Characterization of Super‐Cooled Liquid Water Clouds Using the Research Scanning Polarimeter Measurements
Tuesday, 16 December 2014
Super‐cooled liquid water (SCW) clouds, where liquid droplets exist at temperatures below 0oC, impact both the radiative budget and the development of precipitation. They also present an aviation hazard due to their role in aircraft icing. The two recent NASA's field campaigns POlarimeter Definition EXperiment (PODEX, based in Palmdale, California, January - February 2013) and Studies of Emissions and Atmospheric Composition, Clouds and Climate Coupling by Regional Surveys (SEAC4RS, based in Houston, Texas in August - September 2013) provided a unique opportunity to observe SCW clouds from the high-altitude airborne platform of NASA's ER-2 aircraft. We present an analysis of the measurements made by the Research Scanning Polarimeter (RSP) during these experiments. This instrument measures both polarized and total reflectance in 9 spectral channels with central wavelengths of 410, 470, 555, 670, 865, 960, 1590, 1880 and 2250 nm. The RSP is a scanning sensor taking samples at 0.8o intervals within 60o from nadir in both forward and backward directions.
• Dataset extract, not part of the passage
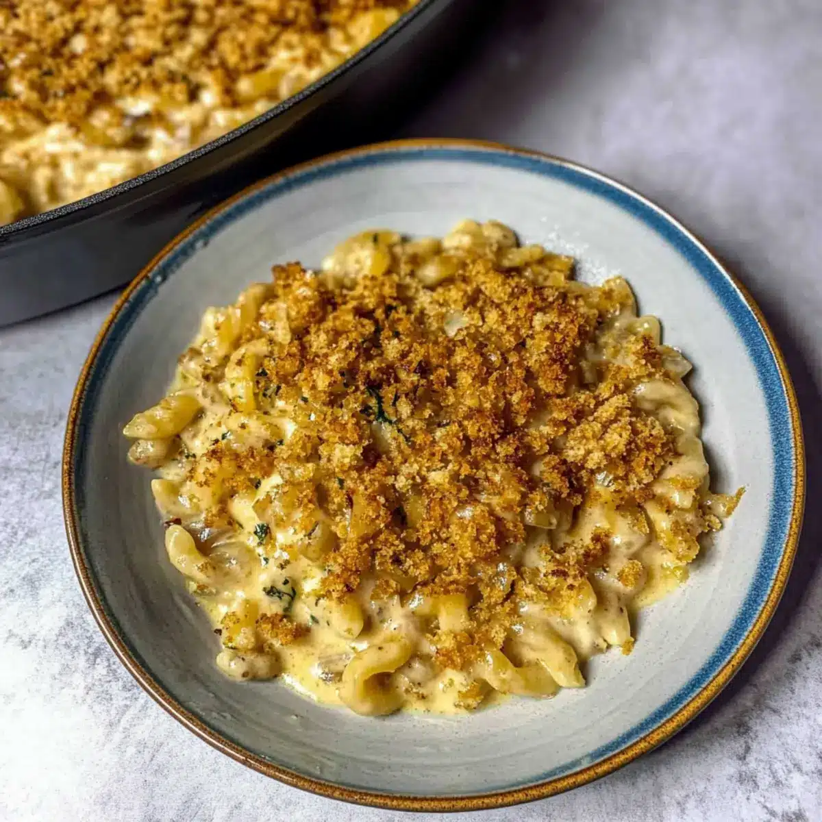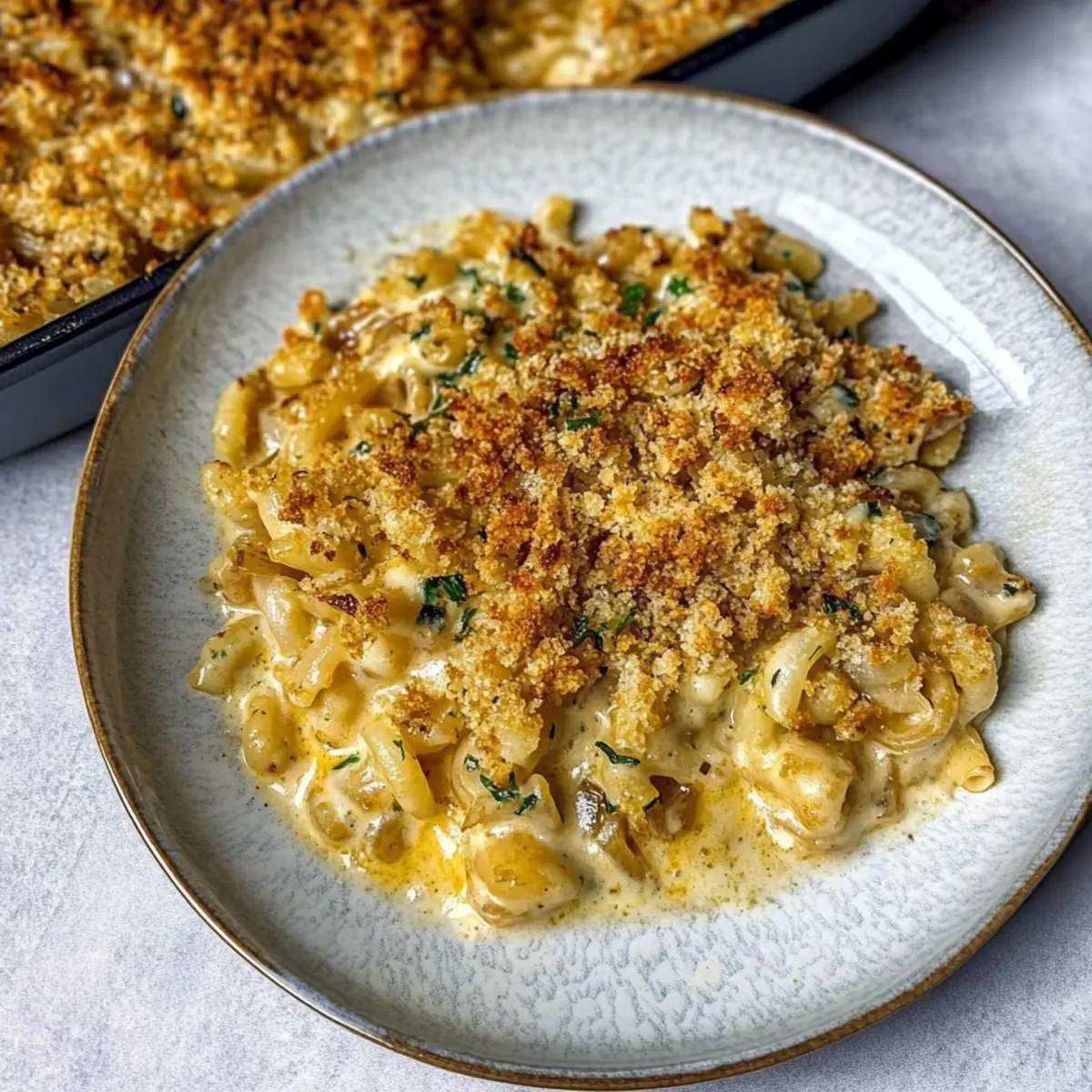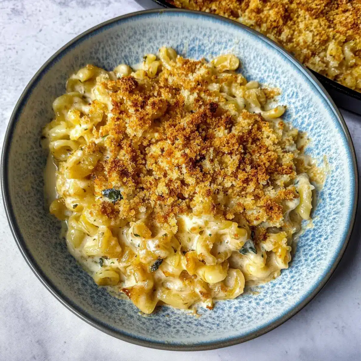 These Creamy French Onion Soup Pasta preparations are perfect for busy weeknights or planned gatherings! You can caramelize the onions and prepare the béchamel sauce up to 3 days ahead. Simply store the onions and sauce separately in airtight containers in the refrigerator. To maintain their quality, let the béchamel cool completely before covering, as this prevents moisture buildup. When you’re ready to enjoy this comforting dish, reheat the onions and sauce on the stove while boiling fresh pasta. Combine everything in a baking dish, top with breadcrumbs, and bake for about 10-15 minutes until golden. This way, you’ll serve up that same warm, indulgent flavor with minimal weekday fuss!
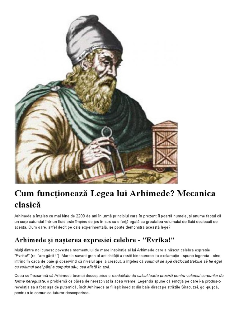 Cum Funcţionează Legea Lui Arhimede Mecanica Clasică Arhimede Si

This unique high angular resolution allows for characterization of liquid water droplet size using the rainbow structure observed in the polarized reflectances in the scattering angle range between 135o and 165o for every pixel independently. Simple parametric fitting algorithms applied to the polarized reflectance provide retrievals of the droplet effective radius and variance assuming a prescribed size distribution shape (gamma distribution). In addition to this, we use a non-parametric method, Rainbow Fourier Transform (RFT), which allows us to retrieve the droplet size distribution itself. The latter is important in the case of SCW clouds, which often have complex spatial and microphysical structure. For example the measurements made on 22 September 2013 during SEAC4RS indicate a cloud that alternates between being in glaciated and liquid phases, with super-cooled liquid drops at altitudes as high as 10 km, which correspond to temperatures close to the homogeneous freezing temperature of pure water drops (about -38oC). The multi-modal droplet size distributions retrieved from RSP data in this case are consistent with the multi-layer cloud structure observed by correlative Cloud Profiling Lidar measurements.